Project MOSAIC R package
http://mosaic-web.org/
93 stars 26 forks source link

statTally produces unexpected 1-sided results #733

Closed cbaldassano closed 5 years ago

cbaldassano commented 5 years ago

Hello, I have been using mosaic in my intro stats class and in general have been very happy with it. However I've hit one issue that has been causing a lot of confusion for students. When statTally is called with a sample statistic that is in the opposite direction from the alternative hypothesis in a 1-sided test, it flips the value around the center in an unexpected way.

For example, the code

rdata <- data.frame("null" = rnorm(1000))
statTally(-1, rdata, alternative="greater")

produces

Of the 1001 samples (1 original + 1000 random),

    1 ( 0.1 % ) had test stats = -1

    183 ( 18.28 % ) had test stats >= 1

This is quite counterintuitive to both my students and myself. The correct 1-sided p value here should count the number of null samples >= -1, not >= 1.
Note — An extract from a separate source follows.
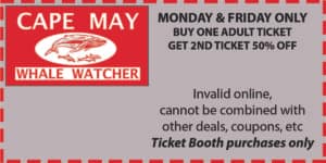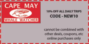 Good for any Daily marine mammal trips aboard Cape May Whale Watcher Departs from the Miss Chris Marina, 1218 Wilson Drive, Cape May, New Jersey 800-786-5445 or 609-884-5445.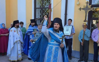 По заамвонной молитве был совершён Крестный ход.

The flipping seems to occur in lines 134-137 of statTally.R:

hi <- center + abs(dstat - center)
lo <- center - abs(dstat - center)
if (alternative == 'greater') lo <- -Inf
if (alternative == 'less')    hi <-  Inf

I would argue that in the 1-sided cases, the dstat should not be flipped around the center. So a possible fix would be

if (alternative == 'two.sided') {
   hi <- center + abs(dstat - center)
   lo <- center - abs(dstat - center)
}
if (alternative == 'greater') {
   hi <- dstat
   lo <- -Inf
}
if (alternative == 'less') {
   hi <-  Inf
   lo <- dstat
}
cbaldassano commented 5 years ago

I've added a suggested pull request to fix this issue, along with a new test function for statTally - please let me know your feedback.

rpruim commented 5 years ago

Thanks @cbaldassano

rpruim commented 5 years ago

PR has been merged into beta branch.